Predictive Analytics and the Law
The use of big data for legal teams is in its nascent stage. Unlike marketing and other industries, the legal field has been slow to appreciate the benefits of big data insights, but it’s getting the hang of it.
As anyone who’s worked at a law firm can attest, lawyers at a firm use each others’ experience to inform their strategy in a given case. Firm-wide emails asking if anyone has appeared in front of a particular judge or tribunal are routine and allow lawyers to benefit from the insights their colleagues provide.
Big data analytics allow lawyers to gather this same information, but on a much larger scale. For instance, analytics platforms allow attorneys to view their judge’s complete history, including every decision issued and every case cited, to identify the legal precedent the judge finds most persuasive.
While this type of analytics can’t tell an attorney whether this judge is particular about staying behind a podium during cross examination or likes his motions in a particular font size, it does allow an attorney to craft an argument using a judge’s favorite case. In addition, such analytics can inform an attorney’s strategy in litigating a particular case in terms of filing motions that a judge is likely to grant, rather than spending a client’s time and money on motions that a judge hardly ever accepts.
Predictive analytics aren’t just being used by litigators, either. In-house counsel at some of the world’s top corporations are using big data to protect their company’s innovations. Juristat provides behavioral analytics to attorneys about their patent examiners at the United States Patent and Trademark Office (USPTO). With this information, attorneys who specialize in getting patents for their clients can mold their strategy to the specific examiner evaluating their client’s patent application.
“Not only can patent prosecutors use big data to inform their prosecution strategy for a particular examiner, but it also allows prosecutors to predict where their applications will be assigned within the USPTO for evaluation,” says Drew Winship, CEO of Juristat. “This allows prosecutors to use specific language to target their applications toward preferred classes and technology centers.”
The Future of Legal Tech: Artificial Intelligence
Big data analytics are a step in the path toward more advanced technology becoming prevalent in the legal industry.
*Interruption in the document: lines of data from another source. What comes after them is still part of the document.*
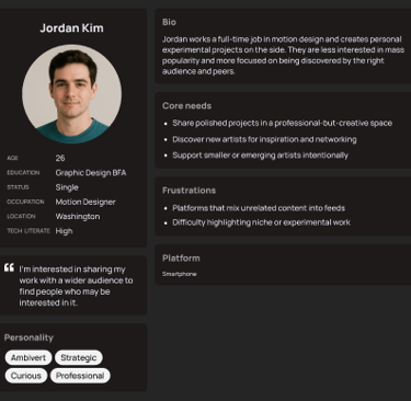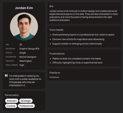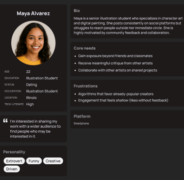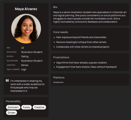 Some user personas were also created to give a better idea of the types of people using Creatorise, including their goals, needs, likes, and dislikes.
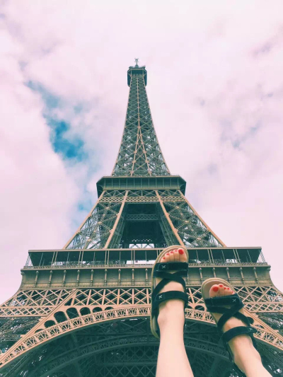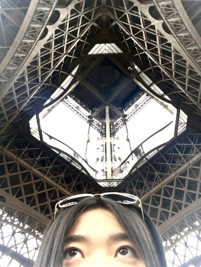 跟随梁导下车,这才发现前面已经排了很长的队伍。这一眼望不到头的人群着实令我们吓了一跳,尽管先前就已听闻前来参观埃菲尔铁塔的游客更是人山人海,可这壮观的景象还是让我们不由得倒吸了一口凉气。于是我们赶紧加快步伐,排在队伍后面,为了给在铁塔上争取更多的停留时间。随着队伍的缓慢移动,我与埃菲尔铁塔的距离越来越近,以至于后来为了看到塔尖,仰酸了脖子。当我身处塔身正下方的时候,忽然感觉这仿佛是一场梦,曾经在课本,影视剧中出现的场景此刻就在我身边,而这一切是多么的奇妙与不可思议,之前坐了十几个小时飞机,跨过大洋的疲惫在此刻瞬间消失。神情有一丝丝恍惚,兴奋,并没有;狂欢,并没有;惶恐,并没有,这一瞬间,我的思绪被凝固,大脑一片空白,我完全被眼前的景色震撼到了。
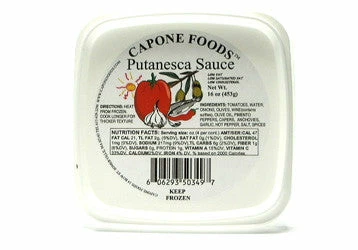 This southern Italian spicy red sauce is made from tomatoes, olives, onions, anchovies, extra virgin olive oil, capers, fresh garlic, fresh parsley, roasted peppers, red wine, red pepper flakes and salt. Full assertive flavor. Hot and spicy, but not overwhelming. Great on squid ink pasta.

Often criticized for slow acceptance of new technology, law firms and in-house departments will soon have no choice but to adapt as their rivals gain a competitive edge with predictive analytics that have been prevalent in marketing departments for years.
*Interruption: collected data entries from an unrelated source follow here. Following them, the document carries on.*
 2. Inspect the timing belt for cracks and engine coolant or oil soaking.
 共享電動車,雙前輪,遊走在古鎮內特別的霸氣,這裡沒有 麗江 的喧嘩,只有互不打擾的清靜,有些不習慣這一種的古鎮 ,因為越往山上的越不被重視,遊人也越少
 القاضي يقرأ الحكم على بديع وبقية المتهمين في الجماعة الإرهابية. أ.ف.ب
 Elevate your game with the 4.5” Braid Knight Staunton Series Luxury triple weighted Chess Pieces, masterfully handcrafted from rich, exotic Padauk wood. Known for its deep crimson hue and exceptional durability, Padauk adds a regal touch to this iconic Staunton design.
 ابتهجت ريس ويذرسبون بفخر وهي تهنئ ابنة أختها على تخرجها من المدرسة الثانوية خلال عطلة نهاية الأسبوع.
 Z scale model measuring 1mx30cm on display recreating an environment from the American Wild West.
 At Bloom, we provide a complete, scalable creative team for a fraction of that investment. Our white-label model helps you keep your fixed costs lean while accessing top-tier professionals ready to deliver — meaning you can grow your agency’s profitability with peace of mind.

There is a step beyond predictive analytics, however. IBM has already developed “Ross,” using its artificial intelligence software, Watson. Ross is an artificial attorney that has been “hired” by law firms such as BakerHostetler and Latham & Watkins.
Currently, Ross is a specialist in bankruptcy law, able to answer simple questions asked in plain English with citations to authority in its response. But Ross is also learning. The more questions asked of Ross, the more accurate Ross’s answers become. Finally, the never-tiring Ross constantly monitors for changes in the law and alerts attorneys to relevant updates.
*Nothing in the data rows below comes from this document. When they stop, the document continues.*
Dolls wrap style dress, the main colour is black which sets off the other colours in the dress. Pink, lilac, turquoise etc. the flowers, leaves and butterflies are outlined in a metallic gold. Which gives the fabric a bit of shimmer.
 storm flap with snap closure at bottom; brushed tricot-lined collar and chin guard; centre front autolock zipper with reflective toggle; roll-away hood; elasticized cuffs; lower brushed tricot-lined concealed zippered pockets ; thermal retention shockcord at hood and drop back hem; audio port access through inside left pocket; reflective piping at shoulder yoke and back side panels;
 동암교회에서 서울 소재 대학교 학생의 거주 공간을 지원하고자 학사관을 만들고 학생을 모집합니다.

What started with technology to help attorneys perform legal research, manage their billing, and perform routine discovery tasks, has slowly caught up to what software engineers have known for decades – that most tasks, even complex ones, traditionally performed by human labor are teachable to computers.
As has been observed by others in the tech industry, the future of computing is likely to involve less traditional coding and more training of neural networks. As machine learning becomes more prevalent and accessible by the masses, it’s likely that it will have a significant impact on nearly every industry, including law. Document review, traditionally performed by junior associates, is already being automated by software that looks for key words and phrases to flag relevant or privileged documents. The junior associate of the future may well be in charge of training such software to look for documents relevant to a particular case. Thus, young lawyers may need to be versed in not just the law, but machine learning and neural networks as well.